Data Deduplication (Dedupe) Storage Software

Attention: The information presented on this page is out-of-date. In order to get the most actual info on StarWind products, please visit the following page.

The content here seems to be out-of-date. To get the latest info, please visit the following page

Effective Technology of Disk Space Saving

What is data deduplication?

Today IT industry offers new and highly effective techniques that allow to substantially save disk space, reduce storage requirements, and improve bandwidth efficiency. Deduplication is one of the recent achievements in this field that helps eliminating redundant data. Only unique data is stored on the disk thus guaranteeing much more efficient utilization of any storage.

In the process of deduplication the incoming data stream is split into blocks. Digital signature is created for each block to uniquely identify it, as well as signature index for the defined repository. Index provides the list of references in order to determine if a block already exists in repository. When deduplication algorithm finds an incoming data block that has been processed before (a duplicate), it does not store it again but creates a reference to it. References are generated every time a duplicate is found. If a block is unique, deduplication system writes it to disk.

Some deduplication techniques split each file into fixed length blocks; the others use variable length blocks. The smaller its size is, the more block matches will occur, resulting, however, in significant reduction of backup and recovery performance. That is why vendors do their best in order to determine the optimal block length for different data types, or use block with variable length.

Deduplication technology allows optimizing storage capacity and in some cases helps to reduce the storage requirements by 80-90%.

Deduplication has proved to be most effective when used in the backup systems - as a matter of fact every subsequent backup version differs from the previous one only slightly. This technology helps to remove duplicates leaving only one copy of the data to be stored, and substitutes the redundant data (duplicates) by the references to them.

StarWind Data Deduplication

The StarWind Software company offers its iSCSI SAN storage product with built-in Data Deduplication technology.

Deduplication process can be initiated on the target device (usually referred to as “post-process”), In-line, and on the client. Choice of deduplication technique depends on the organization infrastructure, its budget, and requirements of business processes.

Post-process deduplication means that data is first stored to disk and then the analysis of duplicated blocks is performed. This technique requires more initial disk space than in-line solutions do. Since the target device is used for backups from many sources, post-process also offers additional advantage – data deduplication from all sources. This so called global deduplication provides substantial disk capacity savings.

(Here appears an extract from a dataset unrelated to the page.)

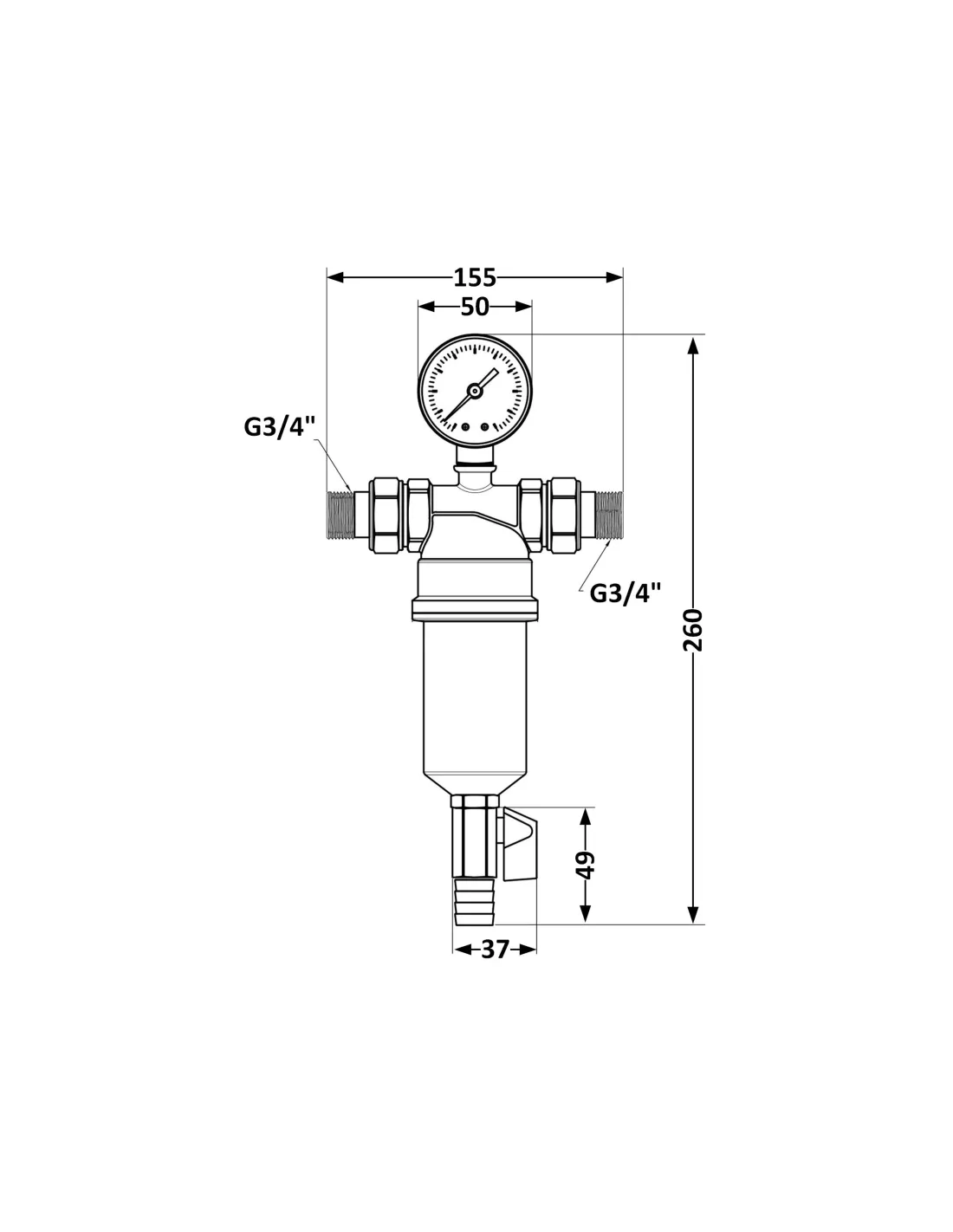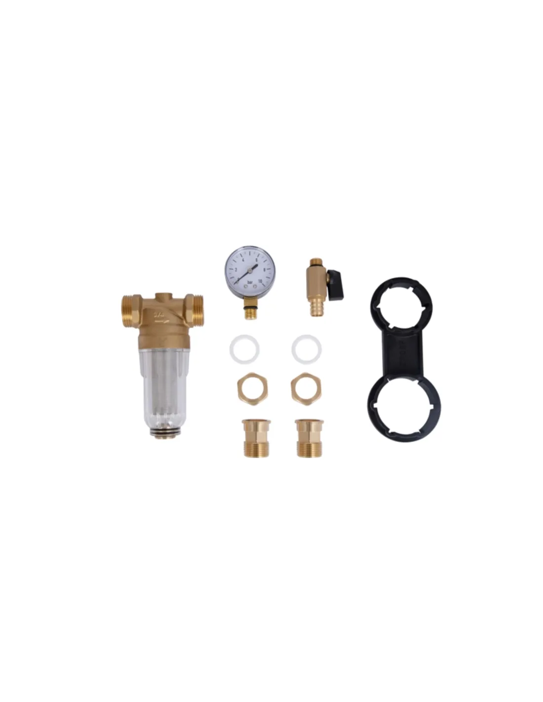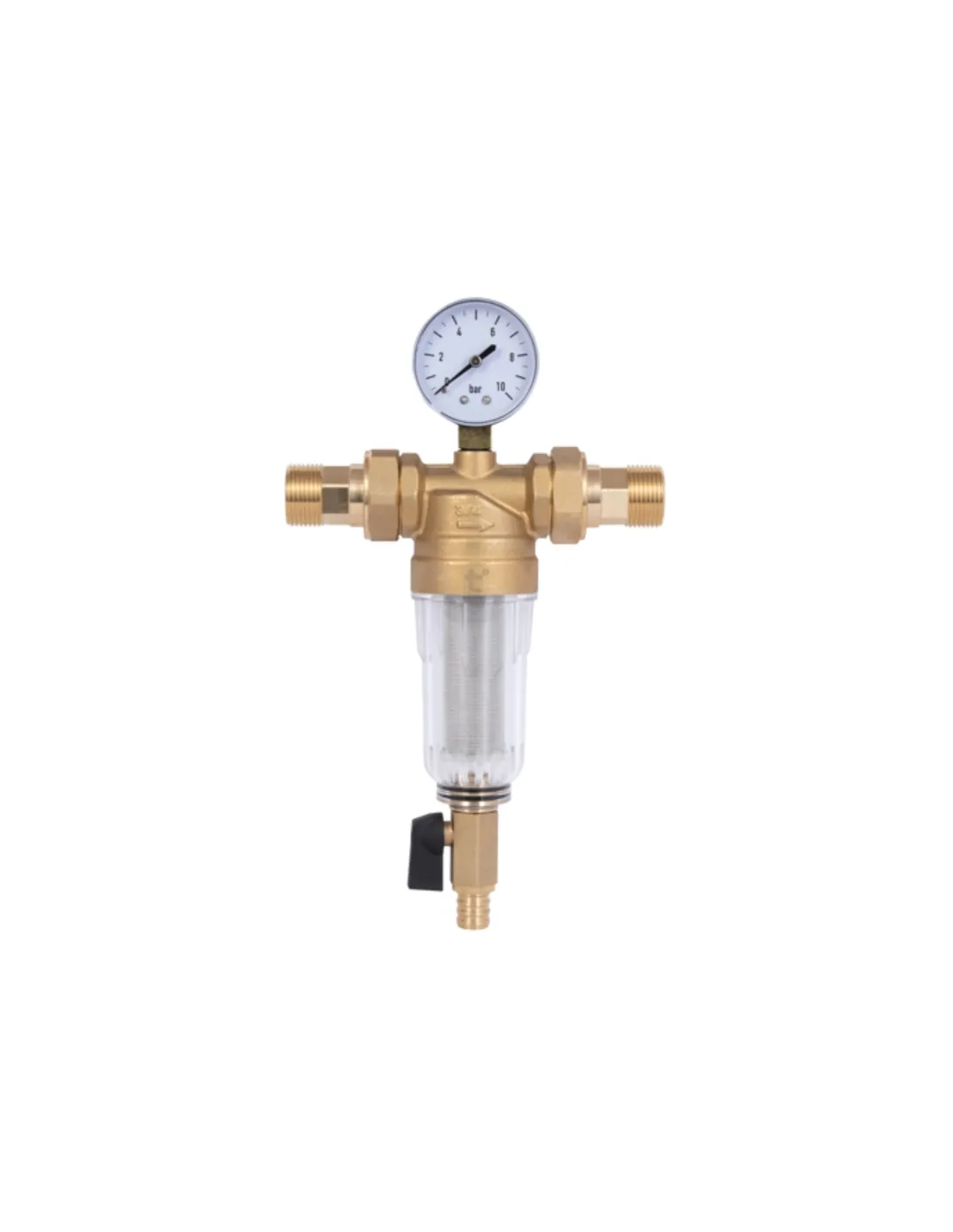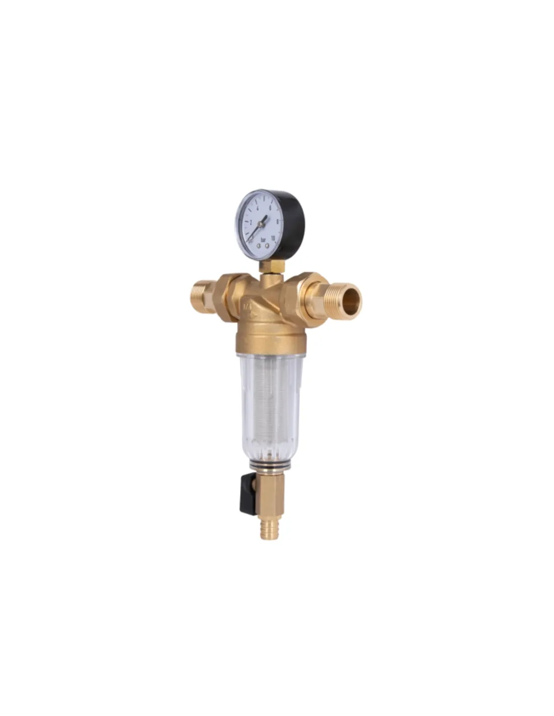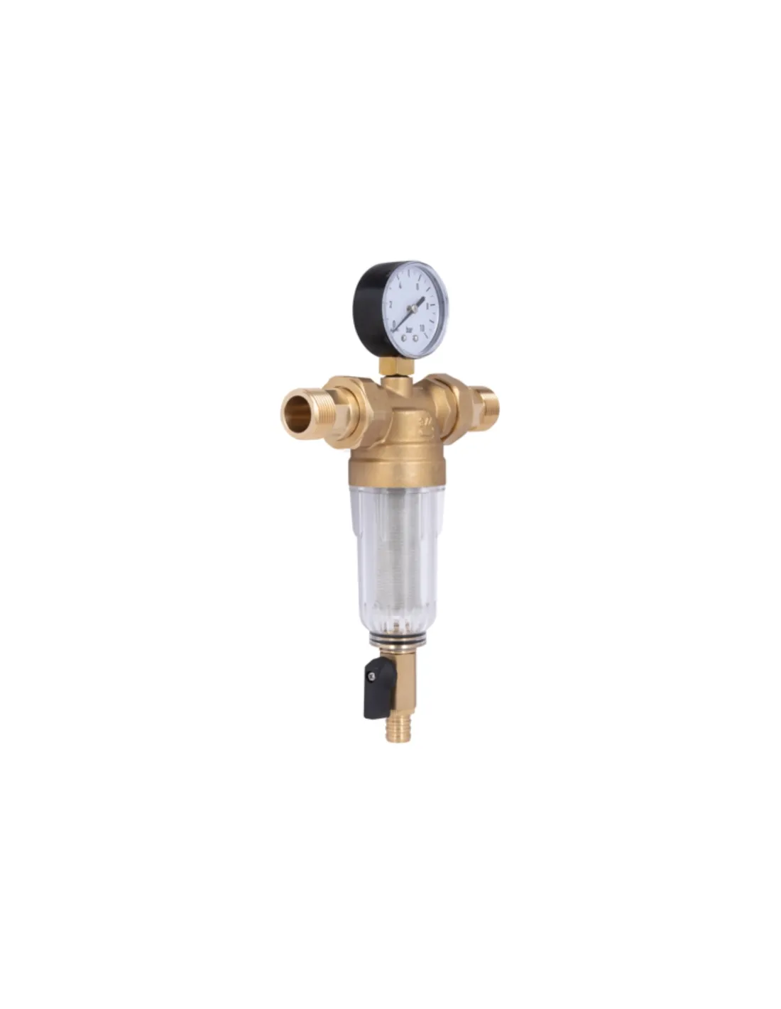 Цей фільтр повинен бути встановлений на горизонтальній ділянці трубопроводу зливним клапаном вниз, а напрямок потоку повинен відповідати напрямку стрілки на корпусі фільтра. Корпус та фітинги виготовлені з латуні, виріб укомплектований манометром зі шкалою вимірювань від 0 до 10 бар. Дренажний клапан зі шланговим штуцером дозволяє проводити як пряме, так і зворотне промивання фільтра.

During the on client deduplication hash counting is initially performed on the client machine. Files with hash matching with those already stored in the system are not transferred. Instead, the target device creates reference to a duplicate that results in reduction of traffic. However, CPU resources and memory required for data analysis are taken from the business applications, thus reducing their performance during the backup process.

Deduplication implemented in the StarWind product is initiated in-line. This kind of Deduplication algorithm does not wait for the data to be written to disk. Data analysis, hash-counting and comparison with index take place during the data transfer from client to target. Deduplication process determines redundant blocks ‘on the fly’, and does not need time and storage to write them previously. In this case, only unique data blocks can be written to the storage disk, which allows to substantially reduce storage requirements. Another apparent benefit of StarWind in-line Data Deduplication is its high running speed, which permits to process data block rapidly and in an effective way.

* Read more about post-process and in-line deduplication

StarWind Data Deduplication algorithm uses blocks of variable length which can be determined depending on specific needs and requirements of an environment where it is used. StarWind variable block length Deduplication shows the highest rates when applied to sets of data, such as backups in backup-to-disk or virtual tape library environments.

This technology can also be effectively applied to virtual machines running on the same operating system. In this case it allows obtaining essential economy of the disk space. If several VMs’ images with the same OS are stored on a disk, you can achieve storage saving that is not to be compared with a case when deduplication is not used.

For multimedia files deduplication is not effective because they don’t contain repeated data.

* Read more about file-level, block-level and byte-level deduplication types

Data Deduplication

Finally, it should be mentioned that deduplication should not be applied to all types of data. Traditional backups to disks should be performed when the highest possible performance is required and if data does not need to be stored for a long time (for example, database journals).